All the discussion on Slashdot today about the release of Mono 1.0 (people variously asserting that Mono is the devil, Mono is crucial to Linux, Java is better, nyah, nyah,
your father smells of elderberries) got me thinking again about what the real values of Java
as a platform are. As a language it's fine, but other OO languages are good too. The API's are fine, plenty to choose from but that's not it it either.
It has struck me more than ever over the last couple of years or so while Java has really matured that its real value is as a lingua franca development platform, not a language or a VM. The platform developers agree on language (Java), API's (XML, net, logging, threading, etc), namespace management, API documentation (JavaDoc), build systems (Ant and Maven, standard build layout in src, lib, classes, etc) deployment (especially for web deployment) and even IDE's to some extent (a number of projects I received recently came with Eclipse project files).

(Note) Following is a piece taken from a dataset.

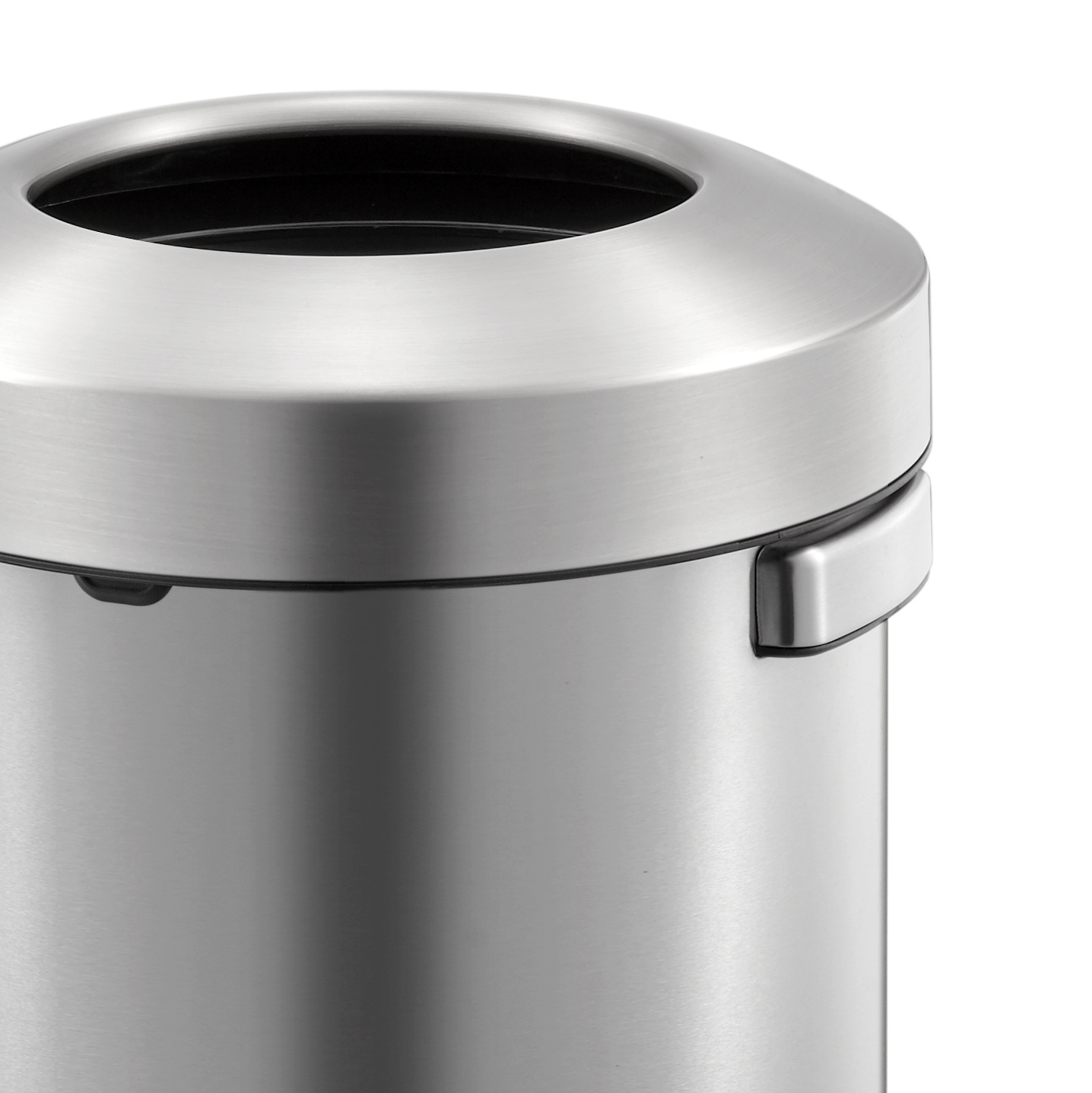 Stijlvolle open top afvalbak van geborsteld RVS met fingerprint proof coating. Voorzien van een ruime opening, handige handvatten en een kunststof onderzijde die de vloer beschermd. De basis beschikt over een opening om de afvalzak te klemmen. De top heeft een kunststof binnenring die hygiënisch aansluit op de afvalzak/-bak.

You can take big web app developed in SunOne and have a very good chance of running it in WebSphere or Tomcat/JBoss. I've developed my own web apps in Tomcat on Linux and then dropped them into WebSphere on Windows without issues (this ability to move apps around must give Bill Gates the shivers).
This standardisation allows me to grab some fairly complex libaries and frameworks and just use them, without worrying about what hokey build system, source code layout, language, memory manager, collections framework, homegrown logging system or dirty preprocessor tricks it uses.
The language part of the Java platform is the smallest part. It's a standard: I don't particularly care what the standard is, just that it's good enough and that everybody agrees with it. The common language is important across projects too: although I can use a library in .NET that's written in Eiffel# I'm likely to have some problems if I need to dive into the source to work out what I'm doing wrong. The language-geek dicussions about generics, value types, checked exceptions, etc are, while interesting, just not germane: none of these are features that would influence your choice of platform. The key choice is the environment: platform API's and runtime containers.